Women Fashion Style in The Early 20th Century
Historically, in the early 20th century, there was a time of change in many ways. While the society had been rapid technological and economic changes made it inevitable that women started entering the workforce and attended to social activities. Thus, women gained equal rights with men, such as better working conditions, increasing wages, seeking higher education, and demanding the right to vote (Lee. n.d.).
Moreover, fashion mood had been the golden age also began to challenge new influences and changing society from the Edwardian era in terms of the social, cultural, and political aspects. The fashion style began to emerge the revolution that evolutionary in bridging the gap between the rigid formality of the Edwardian styles and the last changes in 1905 and 1918 (Crane, 2012).

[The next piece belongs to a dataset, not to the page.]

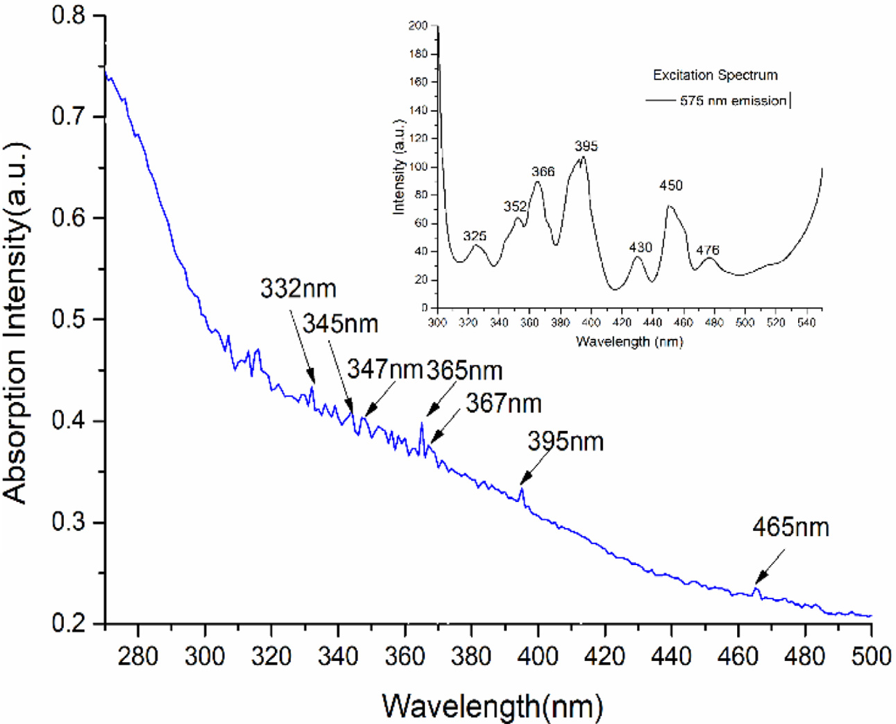 Fig. 3 The absorption spectra of NaY(WO4)2: xMn2+, yDy3+, zEu3+ (x = 6 at%; y = 4 at%; z = 4 at%) phosphors; excitation spectrum with 575 nm emission is at the upper. |

Hat Designed by Esther Meyer (1905-1910)
Changes in technology, leisure, works, cultural, and moral values have been analyzed influences of the women's fashion mood in that era. By changing society and politics, a hat also contributed to the fashion trends, which in turn influence what kind of dress code they were proper to wear (Crane, 2012). A hat has many meanings of material culture study in terms of a functional, aesthetic, social aspect, and that was a key to understanding from the past to the present. Moreover, a hat was influenced by the fashion style of western women in the period 1900-1909; also, it is represented the authentic meanings to understand the certain era today educationally.
Resources
Crane, D. (2012). Fashion and its social agendas: Class, gender, and identity in clothing. University of Chicago Press.
Ross, R. (1990). The top‐hat in South African history: The changing significance of an article of material culture. Social Dynamics, 16(1), 90-100.
Tolini, M. (2002). " Beetle Abominations" and Birds on Bonnets: Zoological Fantasy in Late-Nineteenth-Century Dress. Nineteenth-Century Art Worldwide, 1(1).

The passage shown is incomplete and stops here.